Dublin, 1986. I had given a talk to the Irish Science-Fiction Society and the question period began.

"Do you believe in UFOs?" somebody asked.

"Yes, of course," I answered.

The questioner, who looked quite young, then burst into a long speech, "proving" at least to his own satisfaction that all UFOs "really are" sun-dogs or heat inversions. When he finally ran down I simply replied,

"Well, we both agree that UFOs exist. Our only difference is that you think you know what they are and I'm still puzzled."

An elderly gentleman with blonde-white hair and a florid complexion cried out in great enthusiasm, "By God, sir, you're right. I myself am still puzzled about everything!"

And thus I met Timothy F.X. Finnegan, Dean of the Royal Sir Myles na gCopaleen Astro-Anomalistic Society, Dalkey, sometime lecturer at Trinity College, Dublin, and founder of the Committee for Surrealist Investigation of Claims of the Normal.

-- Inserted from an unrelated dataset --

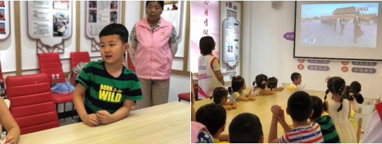 新銅社區(qū)還以八一建軍節(jié)為契機舉辦了一個小小的升旗儀式,小朋友們看著影片中解放軍叔叔在天安門前整齊劃一的步伐,都自發(fā)地全體起立,一個個站得筆直,看著冉冉升起地五星紅旗敬起了少先隊隊禮,大大的眼睛中流露出滿滿的驕傲與贊美,他們用稚嫩的嗓音唱起了國歌,大家都被孩子們的真誠所感染,升旗儀式結束,活動室里掌聲雷動。

In fact, Prof. Finnegan signed me up as a member of CSICON that very night, in the Plough and Stars pub over our ninth or tenth pint of Ireland's most glorious product, linn dubh, known as Guiness to the ungodly.

Now I hear that Prof. Finnegan has died, or at least they took the liberty of burying him, and I feel that the world has lost a great man.

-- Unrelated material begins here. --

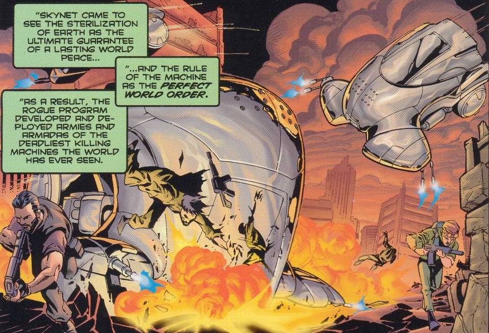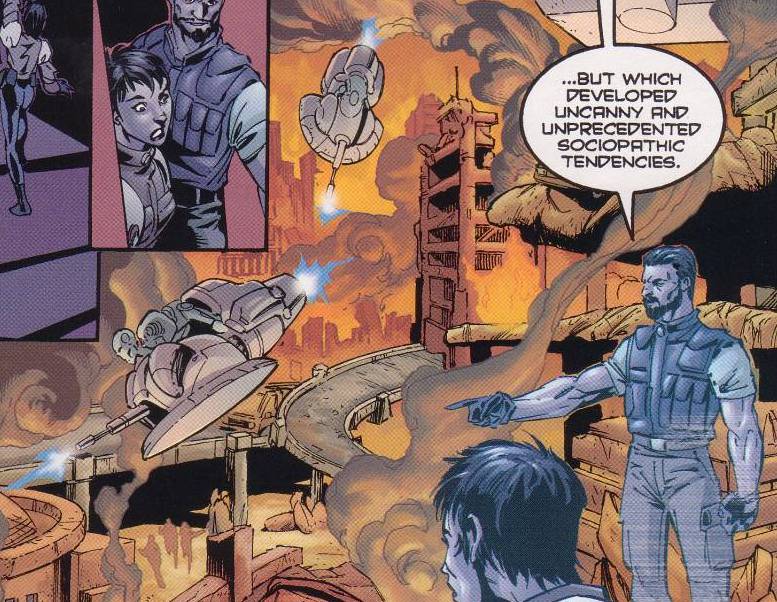 On page 8, the alien-android hybrid smashes a liquid-filled

The Commitee for Surrealist Investigation of Claims of the Normal (CSICON) , however, lives on and deserves more attention than it has received hitherto. Prof. Finnegan always asserted that the idea for CSICON derived from a remark passed by an old Dalkey character named Sean Murphy, in the Goat and Compasses pub shortly before closing time on 23 July 1973.

Actually, it started with two old codgers named O'Brian and Nolan discussing the weather. "Terrible rain and wind for this time of year," O'Brian ventured.

"Ah, faith," Nolan replied, "I do not believe it is this time of year at all, at all."

At this, Murphy spoke up. "Ah, Jaysus," he said, "I've never seen a boogerin' normal day." He paused to set down his pint, then added thoughtfully, "And I never met a fookin' average man neither"

(About Sean Murphy nothing else appears in the record except a remark gleaned by Prof. LaPuta from one Nora Dolan, a housewife of the vicinity: "Sure, that Murphy lad never did any hard work except for getting up off the floor and navigating himself back onto the bar-stool, after he fell off, and he only did that twice a night.")

But Murphy's simple words lit a fire in the subtle and intricate brain of Timothy F.X. Finnegan, who had just finished his own fourteenth pint (de Selby says his fifteenth pint). The next day the aging Finnegan wrote the first two-page outline of the new science he called patapsychology, a term coined in salute to Alfred Jarry's invention of pataphysics.

Finnegan's paper began with the electrifying sentence, "The average Canadian has one testicle, just like Adolph Hitler -- or, more precisely, the average Canadian has 0.96 testicles, an even sadder plight than Hitler's, if the average Anything actually existed." He then went on to demonstrate that the normal or average human lives in substandard housing in Asia, has 1.04 vaginas, cannot read or write, suffers from malnutrition and never heard of Silken Thomas Fitzgerald or Brian Boru. "The normal," he concluded "consists of a null set which nobody and nothing really fits."

Thus began the science of Patapsychology, Prof. Finnegan's most enduring,and endearing, contribution to the world -- aside from the computer-enhanced photos of the Face on Mars with which he endeavored to prove that the Face depicted Moishe Horwitz, his lifelong mentor and idol. This, of course, remains highly controversial, especially among disciples of Richard Hoagland, who believe the Face looks more like the Sphinx, those who insist it looks like Elvis to them, and the dullards who only see it as a bunch of rocks.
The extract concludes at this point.